Citation : 2011 Latest Caselaw 2061 Del
Judgement Date : 18 April, 2011
* IN THE HIGH COURT OF DELHI AT NEW DELHI
+ CRL. A. No.1104/2010
Date of Decision : 18.04.2011
SUNITA ...... Appellant
Through: None
Versus
STATE OF NCT OF DELHI & ORS. ...... Respondents
Through: Mr.Navin Sharma, APP CORAM : HON'BLE MR. JUSTICE V.K. SHALI
1. Whether Reporters of local papers may be
allowed to see the judgment? YES
2. To be referred to the Reporter or not ? YES
3. Whether the judgment should be reported
in the Digest ? YES
V.K. SHALI, J. (oral)
1. This is a Criminal Appeal under Section 372 of Criminal
Procedure Code filed by the appellant /complainant against
the judgment dated 15.04.2010 passed by the Court of Ms.
Mamta Tayal, learned Additional Sessions Judge, South West
District, Dwarka in respect of FIR No. 439/05 registered by
PS Dabri, under Section 307/498A/324/406/34 IPC,
acquitting both the accused of the said offence.
2. Briefly stated, the facts of the prosecution case, are that on
10.06.2005 at about 9 PM, when the appellant/complainant
Sunita was cleaning her room, suddenly her husband and her
mother-in-law, who are the accused persons, came there and
assaulted her physically. Accused Devender poured
kerosene oil on her while accused Maan Kumari threw
burning match stick on her. The match stick is alleged to
have landed on her dupatta which she immediately threw on
the floor. As a consequence of this, the dupatta got burnt.

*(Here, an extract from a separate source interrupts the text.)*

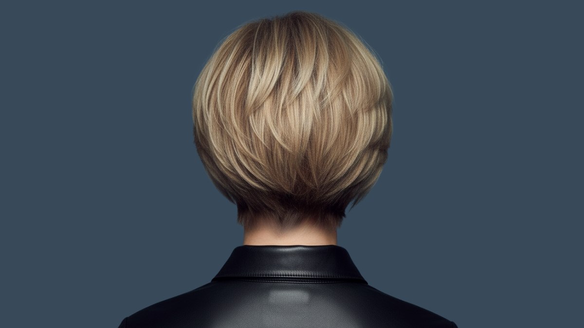 La chemise en cuir noir crée un contraste saisissant avec la couleur blonde des cheveux, faisant ressortir toute leur luminosité. La teinte sombre et sophistiquée du vêtement constitue un arrière-plan idéal pour mettre en valeur les nuances du blond, tandis que la structure du cuir fait écho à la précision de la coupe.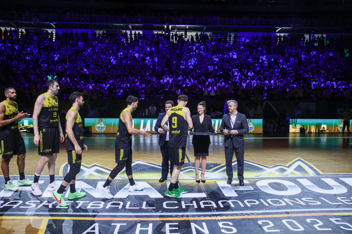 Match pour la 3e place entre l'AEK et Laguna Tenerife pour le Final Four de la Basketball Champions League, à Athenes, le 11 mai 2025. Le vainqueur du match était l'AEK, remportant la 3e place de la BCL 2025

The accused persons ran away from the spot. It is alleged
that, in the meantime, the brother of the appellant who had
gone to get some food, came back and poured water on her
which saved her life. PCR was informed about the incident by
the complainant and her brother. The local police came to
the spot but the complainant refused to make any statement
as she wanted to wait for her father to come. The
appellant/complainant was sent to DDU Hospital for medical
examination and on the next day after the arrival of her
father, she made a statement to the Police on the basis of
which the aforesaid FIR was recorded.
3. The matter was investigated and a charge sheet under Section
307/324/34 IPC was filed. The charges were framed against
both the accused persons. The prosecution in support of its
case examined nine witnesses. The prominent among them
being the appellant as PW-1 and her brother Virender as
PW2. Rest of the witnesses were formal in nature and were
mostly police officials, apart from the Medical Officer, who
conducted the medical examination. PW-3 is Constable Hari
Singh. PW-4 is Doctor Roshan Singh Patel, who was a
Junior resident at DDU Hospital at the relevant point of time.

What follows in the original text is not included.